I think its just like buying a deere from HD your not sure if its the cheaper model deere.
You know wally world tells the owner of deere to build a deere so I can sell it cheaper than anyone else & its a piece of junk.


----------



## W E H (Aug 2, 2012)

My Yeti Cooler is displayed like a trophy in my house and my everyday 5 day "custom" cooler that lives between my driveway and mostly in the back of my truck. For some reason nobody seems to have stolen it out of my truck.


----------



## Count Dragula (May 22, 2012)

cubera said:


> The Yetti pricing is much like the thread on glasses pricing.


My thoughts exactly.


----------



## teamgafftop1 (Aug 30, 2010)

Jeff SATX said:


> If it was Costco, it'd be okay?


Nope, Costco went high-end with the Pelicans.


----------



## normanflynn (Aug 30, 2005)

Yeti is the only way to go IMHO. Mine has had ice going on 23 days.


----------



## Rubberback (Sep 9, 2008)

normanflynn said:


> View attachment 1710682
> View attachment 1710690
> View attachment 1710706
> 
> ...


Did you get the yeti knock off at walmart?


----------



## normanflynn (Aug 30, 2005)

Yes. This is the one from wal mart. But it is just as good as one from any other store. Me and a friend of mine drank a beer out of this one, and drank one from a yeti purchased at academy.... Very little discernible difference in the flavor or temperature of the beer. I don't mind fighting the Walmart crowd to save a couple of dollars on a top of the line cooler. Plus, I look cool in front of all of my friends who are burdened with lesser coolers. And women are impressed by the fact that I don't my dropping a little cash for the finer things in life.


----------



## Rubberback (Sep 9, 2008)

normanflynn said:


> Yes. This is the one from wal mart. But it is just as good as one from any other store. Me and a friend of mine drank a beer out of this one, and drank one from a yeti purchased at academy.... Very little discernible difference in the flavor or temperature of the beer. I don't mind fighting the Walmart crowd to save a couple of dollars on a top of the line cooler. Plus, I look cool in front of all of my friends who are burdened with lesser coolers. And women are impressed by the fact that I don't my dropping a little cash for the finer things in life.

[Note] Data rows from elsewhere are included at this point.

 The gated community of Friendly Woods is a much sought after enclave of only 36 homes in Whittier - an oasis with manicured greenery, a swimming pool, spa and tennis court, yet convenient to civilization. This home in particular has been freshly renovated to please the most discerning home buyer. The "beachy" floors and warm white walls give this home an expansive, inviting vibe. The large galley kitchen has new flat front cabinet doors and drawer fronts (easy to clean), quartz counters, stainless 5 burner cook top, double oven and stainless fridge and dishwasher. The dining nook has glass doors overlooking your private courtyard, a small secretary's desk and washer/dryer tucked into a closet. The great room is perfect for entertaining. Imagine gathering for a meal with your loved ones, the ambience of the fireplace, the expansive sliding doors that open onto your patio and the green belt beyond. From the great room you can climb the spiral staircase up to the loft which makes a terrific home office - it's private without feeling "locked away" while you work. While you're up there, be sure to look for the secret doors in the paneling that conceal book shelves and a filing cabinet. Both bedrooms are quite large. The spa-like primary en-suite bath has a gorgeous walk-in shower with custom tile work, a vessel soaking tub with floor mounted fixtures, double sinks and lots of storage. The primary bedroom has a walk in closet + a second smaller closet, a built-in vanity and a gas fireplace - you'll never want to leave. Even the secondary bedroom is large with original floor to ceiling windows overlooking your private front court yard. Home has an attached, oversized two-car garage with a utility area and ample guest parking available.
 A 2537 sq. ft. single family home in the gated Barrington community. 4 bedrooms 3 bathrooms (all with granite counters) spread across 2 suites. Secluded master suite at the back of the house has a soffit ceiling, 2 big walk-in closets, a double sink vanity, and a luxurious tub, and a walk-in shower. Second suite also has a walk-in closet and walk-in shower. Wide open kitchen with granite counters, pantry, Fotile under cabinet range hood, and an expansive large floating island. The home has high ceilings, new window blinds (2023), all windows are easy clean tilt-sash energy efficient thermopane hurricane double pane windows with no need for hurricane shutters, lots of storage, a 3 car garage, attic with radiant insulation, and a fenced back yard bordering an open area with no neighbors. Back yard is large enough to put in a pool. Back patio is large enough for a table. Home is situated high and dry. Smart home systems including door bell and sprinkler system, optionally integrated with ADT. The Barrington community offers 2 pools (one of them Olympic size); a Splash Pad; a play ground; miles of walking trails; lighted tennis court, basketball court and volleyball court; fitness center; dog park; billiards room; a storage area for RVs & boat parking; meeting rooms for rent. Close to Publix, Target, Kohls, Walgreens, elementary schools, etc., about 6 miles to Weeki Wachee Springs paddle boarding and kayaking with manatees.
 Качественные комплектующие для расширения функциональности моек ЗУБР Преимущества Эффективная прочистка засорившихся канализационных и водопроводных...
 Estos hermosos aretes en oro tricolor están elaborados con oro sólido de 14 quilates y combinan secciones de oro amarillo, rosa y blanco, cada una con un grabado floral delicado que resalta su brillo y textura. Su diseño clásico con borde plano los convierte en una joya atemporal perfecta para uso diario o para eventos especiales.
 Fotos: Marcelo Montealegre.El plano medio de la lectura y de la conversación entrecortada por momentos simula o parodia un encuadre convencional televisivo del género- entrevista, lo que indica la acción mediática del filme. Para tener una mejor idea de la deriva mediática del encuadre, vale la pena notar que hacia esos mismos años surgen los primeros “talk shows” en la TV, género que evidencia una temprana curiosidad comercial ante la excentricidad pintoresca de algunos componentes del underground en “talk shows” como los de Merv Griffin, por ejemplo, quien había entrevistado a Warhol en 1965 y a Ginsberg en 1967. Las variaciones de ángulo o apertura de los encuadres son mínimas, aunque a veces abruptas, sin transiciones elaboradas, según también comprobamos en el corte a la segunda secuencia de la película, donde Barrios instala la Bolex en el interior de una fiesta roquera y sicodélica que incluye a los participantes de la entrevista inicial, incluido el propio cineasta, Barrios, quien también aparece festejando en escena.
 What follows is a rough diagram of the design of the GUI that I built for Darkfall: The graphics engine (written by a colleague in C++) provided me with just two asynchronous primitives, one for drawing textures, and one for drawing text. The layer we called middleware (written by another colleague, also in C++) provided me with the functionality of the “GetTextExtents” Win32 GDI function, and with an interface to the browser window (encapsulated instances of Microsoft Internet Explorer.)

You got it going on. I like folks that like the finer amenity's in life & who go the extra mile. 
If you don't mind me asking " How much did that jewel set you back or did you have it on their lay away plan?


----------



## normanflynn (Aug 30, 2005)

Let's just say somewhere between $16.99 and $21.99 and leave it at that. I'm not the type to flaunt my money. Oh, and I always pay cash.


----------



## Rubberback (Sep 9, 2008)

normanflynn said:


> Let's just say somewhere between $16.99 and $21.99 and leave it at that. I'm not the type to flaunt my money. Oh, and I always pay cash.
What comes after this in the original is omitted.